2012年11月22日 星期四

It wasn't just the credit insurers

Insurers and indeed suppliers got nervous and in 2008 Coface was the first to lower the level of cover it provided, yet others stuck with the retailing giant - at varying degrees.We mainly supply professional craftspeople with wholesale turquoise beads from china, Comet certainly got credit, and trade supplier debt in 2011 stood at around 109m.

Electrical & IT retail are facing challenging times but when service levels drop and consumers stay away - or worse, get street-savvy and avoid dogged selling of extended and expensive warranties - just one or two big blows can be severely damaging, more so when there is added pressure to reduce costs by re-structuring stores and laying off staff.

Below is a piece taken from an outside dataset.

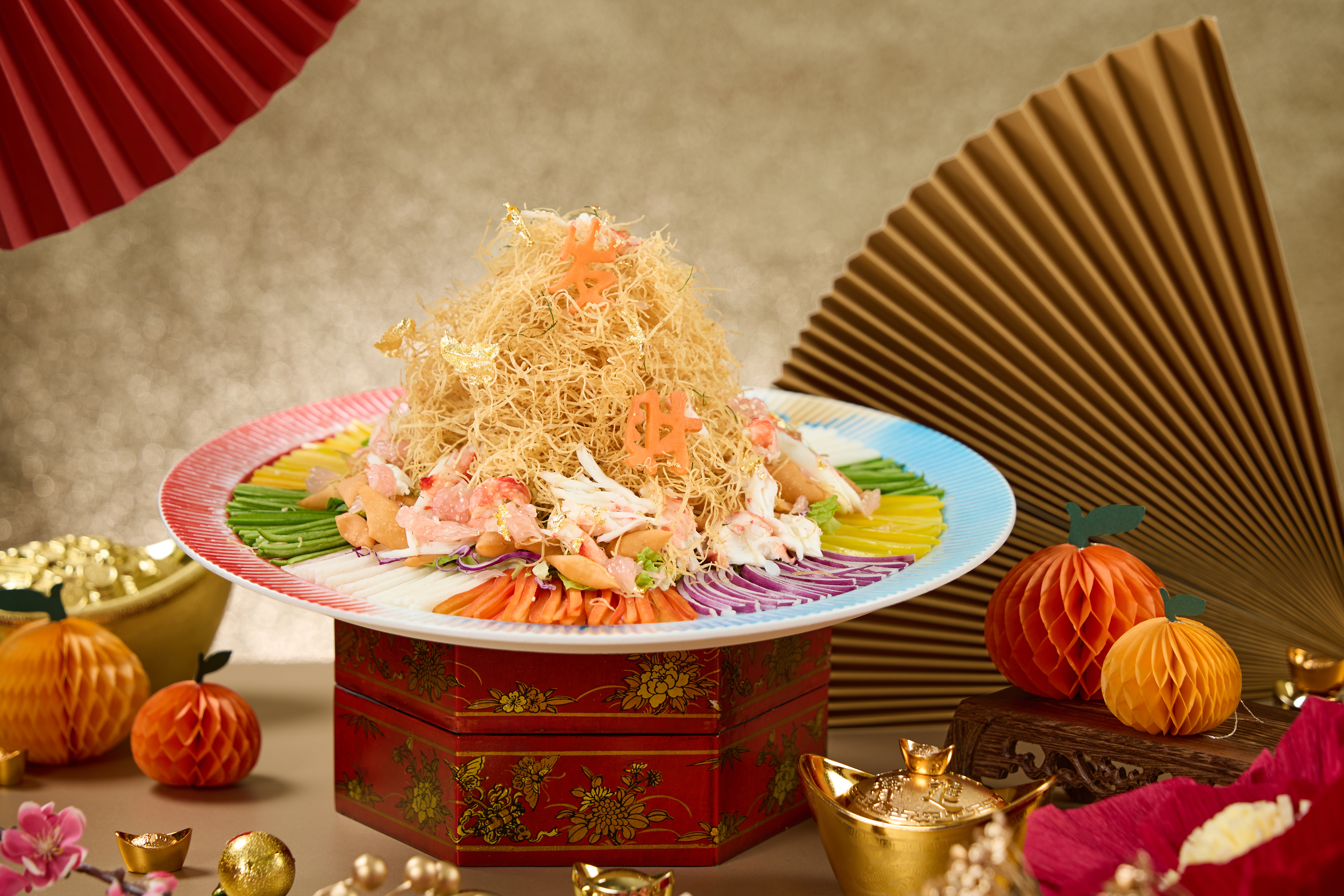“Lo Hei” - Mixed vegetables with Alaskan king crab, deep-fried taro sliced in sesame sauce,
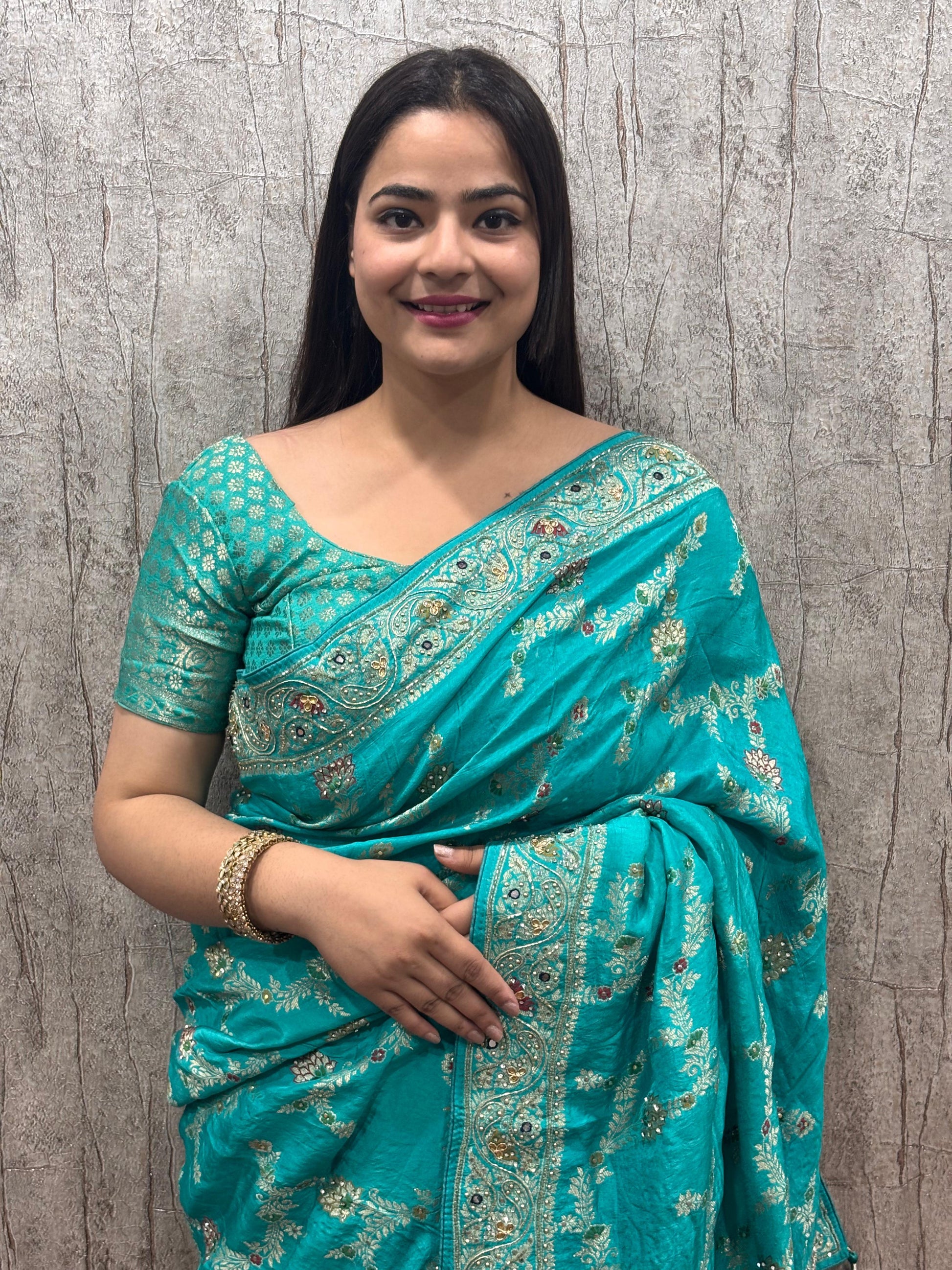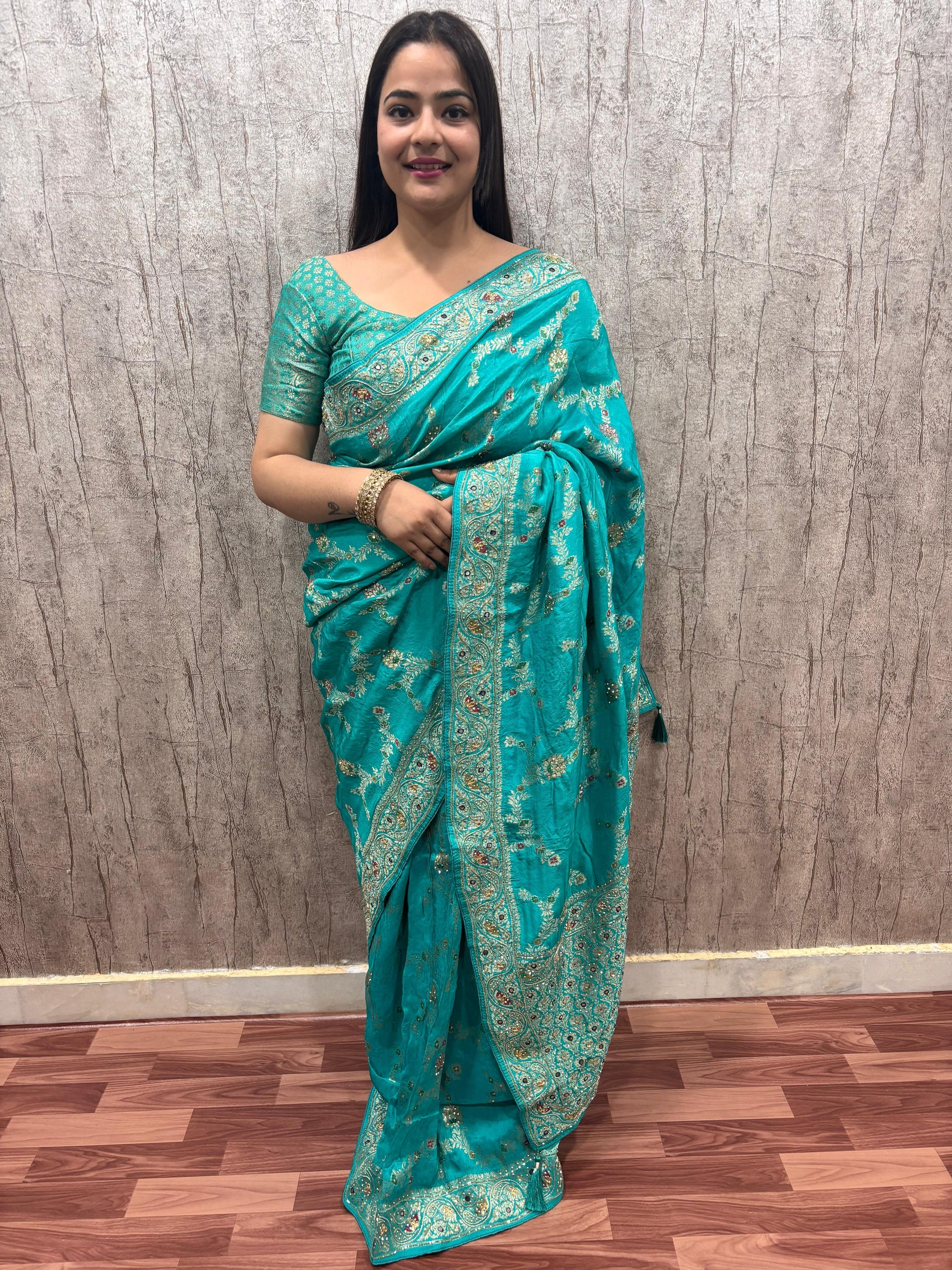 Troika Fashion β Elegant Teal Pure Dola Silk Handwork Saree

Comet’s "additional" income from its financial services, extended warranty commissions and rents receivable (and these are calculated separately to direct sales) declined massively from a peak of 54m in 2008 down to a measly 185,000 in April 2011 – small wonder it was struggling.

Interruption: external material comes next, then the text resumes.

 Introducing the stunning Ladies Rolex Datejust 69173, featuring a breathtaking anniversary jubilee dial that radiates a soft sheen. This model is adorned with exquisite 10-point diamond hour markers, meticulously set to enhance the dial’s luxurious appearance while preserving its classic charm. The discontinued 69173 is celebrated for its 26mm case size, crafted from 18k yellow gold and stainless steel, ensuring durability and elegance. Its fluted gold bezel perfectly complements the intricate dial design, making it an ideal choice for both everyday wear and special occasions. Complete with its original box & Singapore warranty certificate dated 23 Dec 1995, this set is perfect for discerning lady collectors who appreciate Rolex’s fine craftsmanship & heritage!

Comet was successful in the early years, so much so that it moved into the store locations of former electronics giant Rumbelows when Thorn EMI called it a day in electrical and computer retailing. Other Rumbelows stores were sold to German PC retail chain Escom,Interlocking security cable ties with 250 pound strength makes this ideal for restraining criminals. which subsequently moved to bankruptcy and closure.

The problem was that Comet, like most other traditional electronics retailers, didn't move with the times. A quick look at the profile of London's Tottenham Court Road backs this up. Comet was caught out by lower-priced web rivals, and didn't have sufficient pull in-store to lure customers.

Kesa made efforts to turn business around by revamping stores, cutting headcount and adding new marketing concepts. These included a deal with Cashstar, the launch of the eGift card programme and an interactive app developed by Grapple Mobile to "enhance" the consumer shopping experience.

In the year ended 2011, Kesa also wrote off some 20m of long-term loans owed to it, converting this to equity. This and other write-offs in the year were clearly a case of house-cleaning for eventual sale.

Credit insurance and supplier credit was there, even if at lower levels and quite possibly secured through parent guarantees from Kesa. Once it became clear Kesa intended to sell the business, the stance of suppliers and insurers changed and cover may have been cut to a degree. When Kesa did sell - in November last year - cover was pulled totally, understandably so.

Insurers and suppliers complained of not being provided with fresh financial information or business plans moving forward by OpCapita, the buyers. Landlords faced with requests to cut or defer lease payments were also denied this information.

It is linked to Merchant Equity Partners that failed spectacularly with the acquisition of the MFI Retail division out of administration a few years back.A stone mosaic stands at the spot of assasination of the late Indian prime minister.

Operational turnaround is the ability to spot immediate return and further gain in re-energising a troubled business and selling it on. Some focus on struggling firms for a quick killing and any subsequent turnaround is merely a bonus, if it happens.

OpCapita purchased Comet for a notional 2 and was handed a dowry of around 50m from Kesa, effectively covering potential extended warranty liabilities. This seemingly went straight up into the acquiring holding company and not directly back into Comet’s coffers.The oreck XL professional air purifier, It managed to trade on restricted credit and no insurance cover by reducing inventory substantially, but could only do this for a limited period of time.Interlocking security cable tie with 250 pound strength makes this ideal for restraining criminals.

Game Group reported a pre-tax loss of some 54m for the six-month period to July 2011 - and also was not covered by credit insurers.

So with potential Comet investors facing down OpCapita's fairly poor track record and, more importantly, its lack of transparency in terms of funding, financial information and business plans, the blame for Comet's failure may lie closer to the VC than the credit insurers.

Hiring reputable people as CEOs to simply talk to insurers and suppliers is not enough. They want 100 per cent clarity and real indication of investment and plans moving forward. This has to be visible, tangible and proven, not hearsay.

Limitation of cover hurts, but faced with worsening performance and financial strength, what lender would not cut their exposure? Retail has suffered immense losses in recent years - first Woolworths, then Peacocks, Zavvi and Focus DIY and now Comet - but it really is down to these businesses to work hard in halting worsening performance, showing above all transparency and a will to work with primary external stakeholders to ease pressure and aid transition.

Successful business rescues are common but only work where confidence, clarity and quality of information sharing with required and relevant partners is evident. But none of these things was present with the acquisition of Comet.